Pronunciations
- Pinyin:: jué
- Bopomofo:: ㄐㄩㄝˊ
- Wade–Giles:: chüeh2
- Cantonese Yale:: kyut
- Jyutping:: kyut3
- Pe̍h-ōe-jī:: koat
- Japanese Kana:: ケツ ketsu (on'yomi)
- Sino-Korean:: 궐 gwol
- Hán-Việt:: quyết

Names
- Chinese name(s):: 豎鉤/豎鈎/竖钩 shùgōu
- Japanese name(s):: 撥棒/はねぼう hanebō かぎ kagi
- Hangul:: 갈고리 galgori

Stroke order animation

= Radical 6 =

Chinese character radical

Radical 6 or radical hook (亅部) meaning "hook" is one of 6 of the 214 Kangxi radicals that are composed of only one stroke.

In the Kangxi Dictionary, there are 19 characters (out of 49,030) to be found under this radical.

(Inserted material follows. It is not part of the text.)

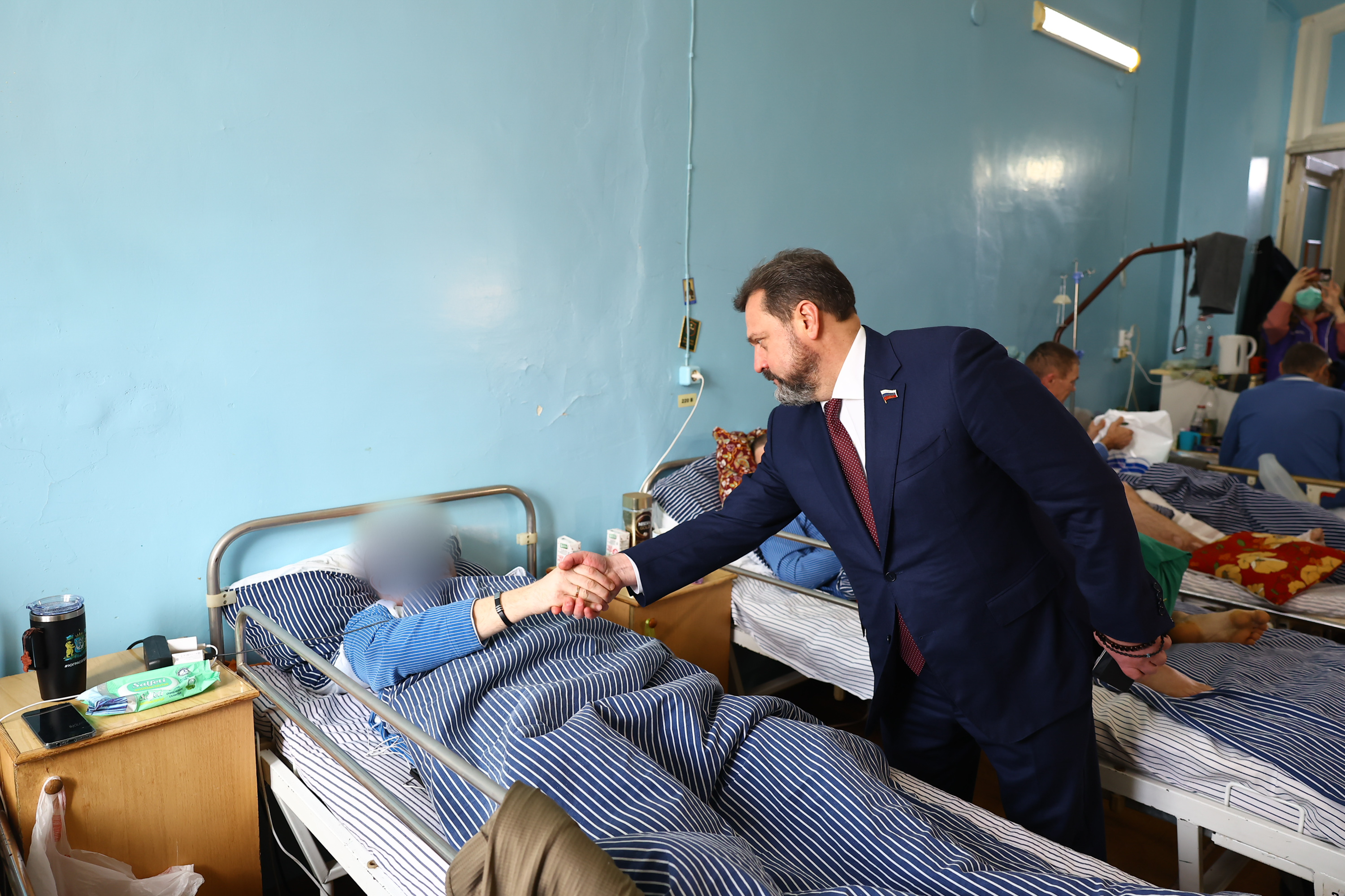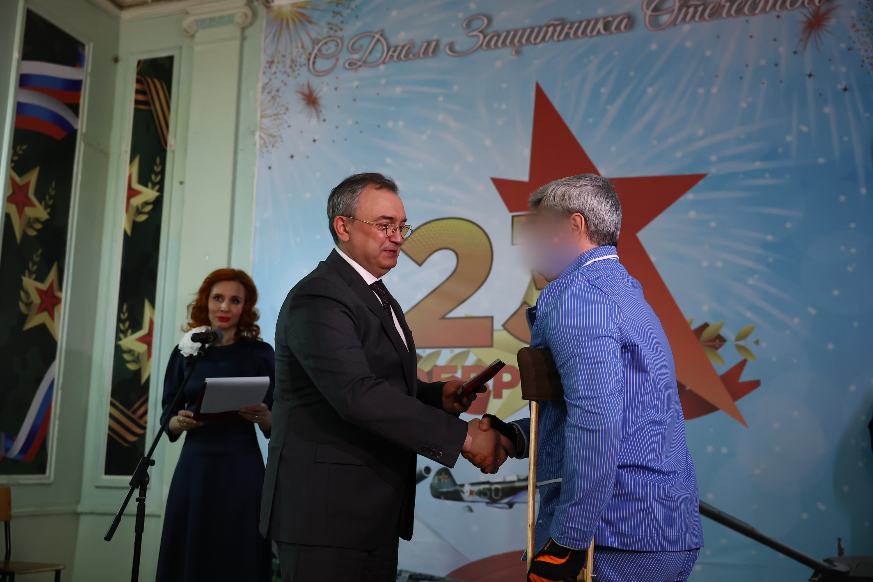 В преддверии Дня защитника Отечества по поручению главы региона Игоря Бабушкина вице-губернатор – руководитель администрации губернатора Павел Паутов и сенатор Совета Федерации Андрей Деркач навестили бойцов, которые восстанавливаются в госпитале. Они поздравили героев с праздником, вручили награды солдатам и врачам медучреждения.

In Simplified Chinese, this radical is merged to Radical 2 丨. In the Table of Indexing Chinese Character Components, 亅 is listed as an associated indexing component of 丨. However, it is often omitted in mainstream dictionaries, including Xiandai Hanyu Cidian.

==Evolution==

Small seal script character

==Derived characters==

| Strokes | Characters |
|---|---|
| +0 | 亅 |
| +1 | 了 |
| +2 | 亇 (=个 -> 丨 / 個 -> 人) |
| +3 | 予 |
| +5 | 争^{SC/JP} (=爭 -> 爪) |
| +7 | 亊 (=事) |
| +8 | 事 |

== Literature ==
- Fazzioli, Edoardo (1987). "Chinese calligraphy : from pictograph to ideogram : the history of 214 essential Chinese/Japanese characters"
- Leyi, Li (1993). "Tracing the Roots of Chinese Characters: 500 Cases"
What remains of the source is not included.